Starburst MaxCompute connector#

The MaxCompute connector allows users to query data in MaxCompute databases.

Requirements#

To use the MaxCompute connector, you need:

Configuration#

Create a catalog properties file in etc/catalog named example.properties to access the configured MaxCompute database in the example catalog (replace example with your database name or some other descriptive name of the catalog). Configure the usage of the connector by specifying the name maxcompute and replace the connection properties as appropriate for your setup.

connector.name=maxcompute
maxcompute.project.name=max_compute
maxcompute.access.id=access id
maxcompute.access.key=access key
maxcompute.endpoint=http://service.cn-example.maxcompute.aliyun.com/api

General configuration properties#

The following table describes catalog configuration properties for the connector:

Property name

Description

maxcompute.project.name

Name of the MaxCompute project. Required.

maxcompute.access.id

Unique identifier used to access MaxCompute resources securely. Required.

maxcompute.access.key

Access key used to authenticate access to MaxCompute. Required.

maxcompute.endpoint

Endpoint used to communicate with MaxCompute.

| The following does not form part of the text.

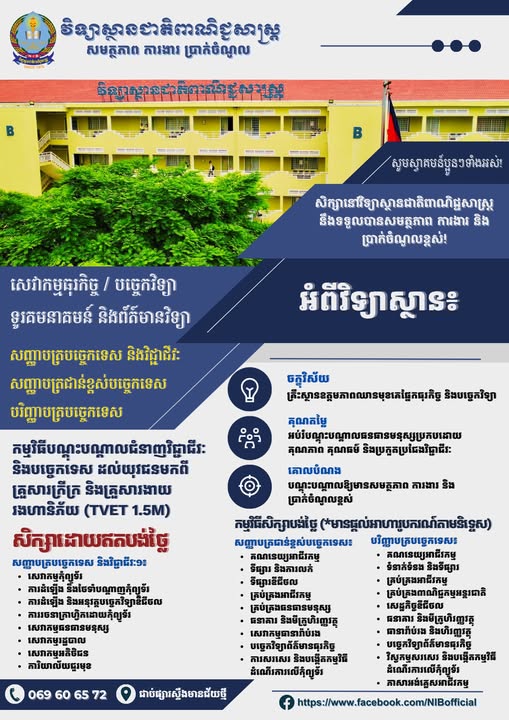 សេចក្កីជូនដំណឹងដល់ប្អូនៗថ្នាក់ទី១២ ដែលទើបប្រឡង ឱ្យបានជ្រាបថា វិទ្យាស្ថានចាប់ផ្តើមចុះឈ្មោះចូលរៀនឆ្នាំសិក្សាថ្មីចាប់ពីថ្ងៃនេះតទៅ ចូលរៀននៅថ្ងៃទី១៨ ខែតុលា ឆ្នាំ២០២៥.......

Required.

maxcompute.tunnel.endpoint

Endpoint where the tunneling protocol should connect, used to improve performance.

maxcompute.additional-projects

Comma separated list of additional MaxCompute projects to be exposed as SEP schemas.

maxcompute.input.split.size

Maximum size for each split of the input data.

Optionally, configure maxcompute.tunnel.endpoint to improve performance:

maxcompute.tunnel.endpoint=http://dt.cn-example.maxcompute.aliyun.com

Type mapping#

Because Trino and MaxCompute each support types that the other does not, this connector modifies some types when reading data. Data types may not map the same way between SEP and the data source. Refer to the following section for type mapping.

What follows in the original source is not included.